Now I didn’t type in the number, it was done with the chunk `r mean(x)`
.
Many of these options can be set globally, so they are active for the whole document. This is useful so you don’t have to type them in every time. I have the following code chunk at the beginning of all my Rmd files:
library(knitr)
opts_chunk$set(fig.width=6, fig.align = "center",
out.width = "70%", warning=FALSE, message=FALSE)
We have already seen the message and warning options. The other one puts any figure in the middle of the page and sizes it nicely.
If you have to override these defaults just include that in the specific chunk.
To create the output you have to “knit” the document. This is done by clicking on the knit button above. If you click on the arrow you can change the output format.
In order to knit to pdf you have to install a latex interpreter. My suggestion is to use Miktex, but if you already have one installed it might work as well.
There are several advantages / disadvantages to each output format:
I generally use HTML when writing a document, and use pdf only when everything else is done. There is one problem with this, namely that a document might well knit ok to HTML but give an error message when knitting to pdf. Moreover, those error messages are weird! Not even the line numbers are anywhere near right. So it’s not a bad idea to also knit to pdf every now and then.
As far as this class is concerned, we will use HTML exclusively.
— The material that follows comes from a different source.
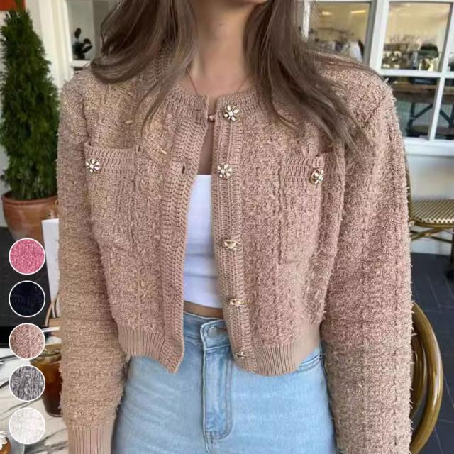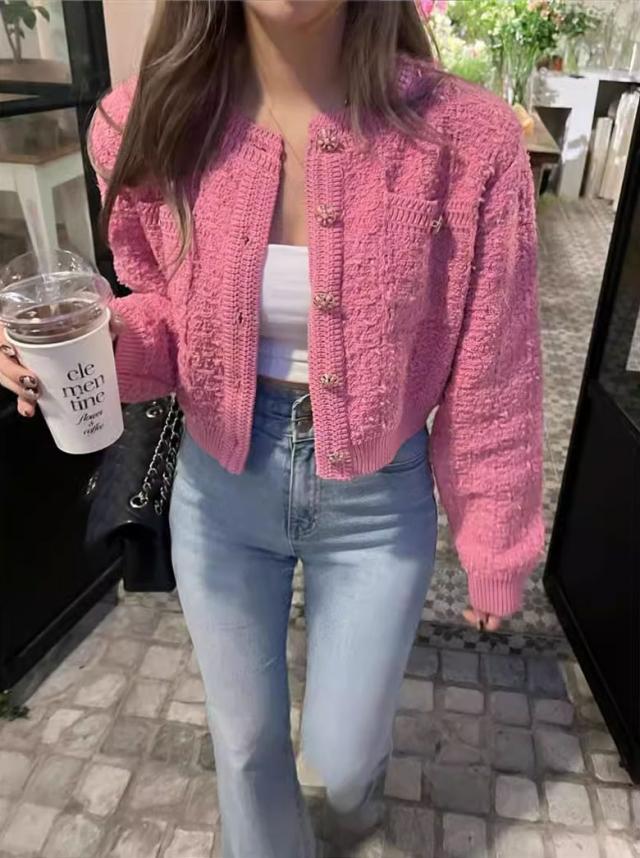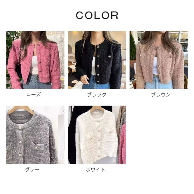 ショート丈 ニット ジャケット レディ コート ジャケット 豊富 ローズ ブラック ブラウン グレー ホワイト

One of the more complicated things to do in R Markdown is tables. For a nice illustration look at
My preference is to generate a data frame and the use the kable.nice function:
Gender <- c("Male", "Male", "Female")
Age <- c(20, 21, 19)
kable.nice(data.frame(Gender, Age))
Gender | Age |
---|---|
Male | 20 |
Male | 21 |
Female | 19 |
probably with the argument echo=FALSE so only the table is visible.
You have not worked with latex (read: latek) before? Here is your chance to learn. It is well worthwhile, latex is the standard document word processor for science. And once you get used to it, it is WAY better and easier than (say) Word.
A nice list of common symbols is found on https://artofproblemsolving.com/wiki/index.php/LaTeX:Symbols.
A LATEX expression always starts and ends with a $ sign. So this line:
The population mean is defined by \(E[X] = \int_{-\infty}^{\infty} xf(x) dx\).
was done with the code
The population mean is defined by $E[X] = \int_{-\infty}^{\infty} xf(x) dx$.
sometimes we want to highlight a piece of math:
The population mean is defined by
\[ E[X] = \int_{-\infty}^{\infty} xf(x) dx \] this is done with two dollar signs:
$$
E[X] = \int_{-\infty}^{\infty} xf(x) dx
$$
say you want the following in your document:
\[ \begin{aligned} &E[X] = \int_{-\infty}^{\infty} xf(x) dx = \\ &\int_{0}^{1} x dx = \frac12 x^2 |_0^1 = \frac12 \end{aligned} \]
for this to display correctly in HTML and PDF you need to use the format
$$
\begin{aligned}
&E[X] = \int_{-\infty}^{\infty} xf(x) dx=\\
&\int_{0}^{1} x dx = \frac12 x^2 |_0^1 = \frac12
\end{aligned}
$$